Estos cristianos engañados no saben que el combate actual por el Reino no es tanto contra hombres de carne, sino contra los demonios que les inspiran y sujetan, y por eso, en su lucha por un mundo mejor, no toman «la armadura de Dios» (Ef. 6,12-20). Pretenden afirmar el Reino en el mundo con revistas débiles, manifestaciones festivas, cartas al director, camisetas con lemas, concentraciones juveniles, campañas en internet, etc., acumulando así derrota tras derrota, retrocediendo siempre ante el poder avasallador del Maligno y de los suyos.

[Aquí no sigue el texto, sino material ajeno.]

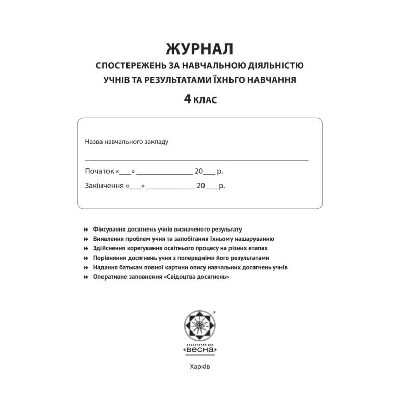 НУШ Журнал спостережень за навчальною діяльністю учнів та результатами їхнього навчання Весна 4 клас видавництва Весна можна купити в інтернет-магазині Книгован зі знижкою або з безкоштовною доставкою по Україні.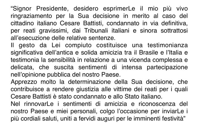 O presidente da Itália, Sergio Mattarela, enviou uma carta ao presidente Michel Temer em agradecimento ao decreto de extradição do italiano Cesare Battisti, condenado em seu país por quatro assassinatos nos anos 1970. O decreto foi assinado na sexta-feira, 14. "O gesto de Vossa Excelência constitui o significativo testemunho da antiga e sólida amizade entre Brasil e Itália e revela a sensibilidade em relação a uma situação complexa e delicada, que suscita sentimentos de intensa participação na opinião pública do nosso país", escreveu Mattarela na carta divulgada no Twitter do governo italiano.

Todas las actividades aludidas son buenas y bienintencionadas, pero «hay que practicar esto, sin omitir aquello» (Mt 23,23): es decir, sin omitir las rogativas, la oración de la Iglesia en tiempos de aflicción, la penitencia, el rosario, el adiestramiento familiar y catequético para estar en el mundo sin ser del mundo, y ante todo el testimonio bien claro (martirial) de la verdad de Cristo. Esos cristianos engañados, por ignorar tantas verdades, están destinados al fracaso. Cristo anuncia a sus discípulos la persecución del mundo, pero les conforta diciéndoles: «confiad, yo he vencido al mundo» (Jn. 16,33). Ellos, sin embargo, no pueden vencerlo, porque ni siquiera lo combaten; están ya previamente derrotados, porque en el fondo creen que Satanás y los suyos deben ser quienes gobiernen el mundo secular.

Los cristianos de hoy, ante todo, han de enterarse de quién les está gobernando, y han de saber que el camino actual del mundo secular lleva colectivamente a una perdición temporal y eterna. «Toda planta que no haya plantado mi Padre celestial, será arrancada de raíz. ¡Déjenlos! Son ciegos que guían a otros ciegos. Y si un ciego guía a otro ciego, ambos caerán en el hoyo» (Mt 15,13-14).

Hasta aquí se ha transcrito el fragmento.